I look over at her and she looks like she is asleep on my shoulder. "Rach, I gotta go somewhere. I mean. I just, I can't talk to you right now. Not like this. We can't do this. You gotta stop trying to get me back. Just….don't." She looks upset, in fact her eyes are burning as she gets up from me and leans over. "Fine Finn. Don't worry, I won't bother you again." And she storms off to the other side of the room. And I see Quinn, staring at me and I know I'm in trouble with both of the women in my life. I knew I shouldn't have come to this party!

**Puck POV**

This party is AWESOME! Like seriously I can't even believe that Berry let me break into her dad's liquor cabinet. I've had my eye on that thing since the 9th grade. And everyone is here and seems to be actually enjoying themselves. It's pretty damn awesome, because last year no one would have even shown up. But Berry's different this year. She's actually trying. Finn did bring out a lot of good in her. But I like to think that Sam and I made a big difference in her attitude as well. Homegirl is actually kinda fun to be around.

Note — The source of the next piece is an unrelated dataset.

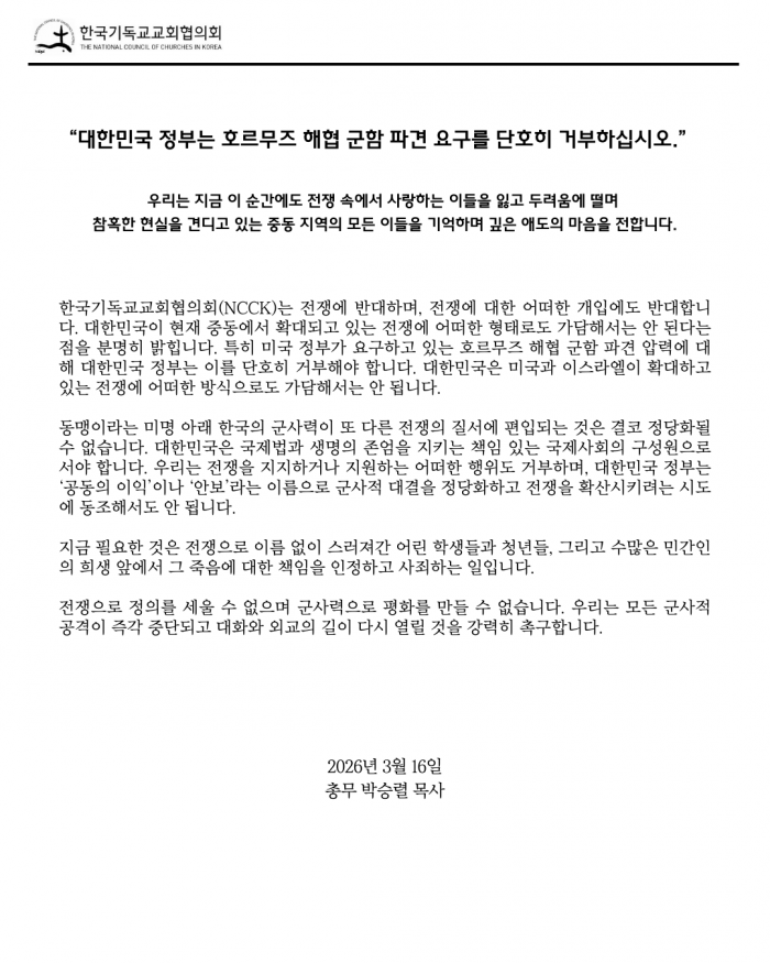 1. 한국기독교교회협의회(NCCK, 총무 박승렬)는 최근 중동 지역에서 확대되고 있는 전쟁 상황에 깊은 우려를 표하며, 대한민국이 어떠한 형태로도 전쟁에 가담해서는 안 된다는 입장을 밝힙니다. 특히 미국 정부가 요구하고 있는 호르무즈 해협 군함 파견 압력에 대해 대한민국 정부는 이를 단호히 거부할 것을 촉구합니다. 2. NCCK는 전쟁과 그에 대한 어떠한 군사적 개입에도 반대합니다. 우리는 긴급 성명을 통해 대한민국은 미국과 이스라엘이 확대하고 있는 전쟁에 가담해서는 안 되며, 동맹이라는 이름으로 한국의 군사력이 또 다른 전쟁의 질서에 편입되는 것은 결코 정당화될 수 없음을 밝혔습니다. 대한민국은 전쟁의 연합이 아니라 국제법과 생명의 존엄을 지키는 책임 있는 국제사회의 구성원으로 서야 합니다.

I see her with Finn in the corner of the room and I think that maybe I should go get her because she is drunk and I don't really want her throwing herself at Finn in this state. She's better than that. But then I watch as the two of them start to argue and I realize I'm too late. "Pathetic." I hear behind me. I turn and see Quinn sitting on the stairs looking at the couple with anger in her eyes. "Jealous much Q?" I spit at her. "As if, you people are all stupid."

She gets up and walks over toward Finn and I can see that he looks like he's actually afraid of what she is going to say to him. I hate to admit it but it's really starting to look like those two are hooking up. I watch as they get up and walk up the stairs hoping that no one has noticed them. I'll be damned. I don't know why I do it, but I follow them up the stairs a few minutes later. I really do just need to know. For Rachel's sake. Because if they are together, for real, shit's gonna go down and Rachel is going to freak out.

As I reach the top of the stairs I can hear them arguing. "What the hell were you doing with her." Quinn is saying. "Look it was nothing, we were just talking and she's a bit drunk so just relax." Finn is saying and I peek around to see them standing by the table in the kitchen. Quinn's hands are crossed in front of her and she looks completely livid. "Just stay away from her. Just because you don't want to tell people we are dating doesn't mean you get to have her on the side too." "She's still my friend Quinn." He says. "Well as long as you are my boyfriend, I want it to stop." Goddammit. They ARE dating. I can't believe he hasn't just told her the truth. It seems lying to her is the only thing he can do anymore.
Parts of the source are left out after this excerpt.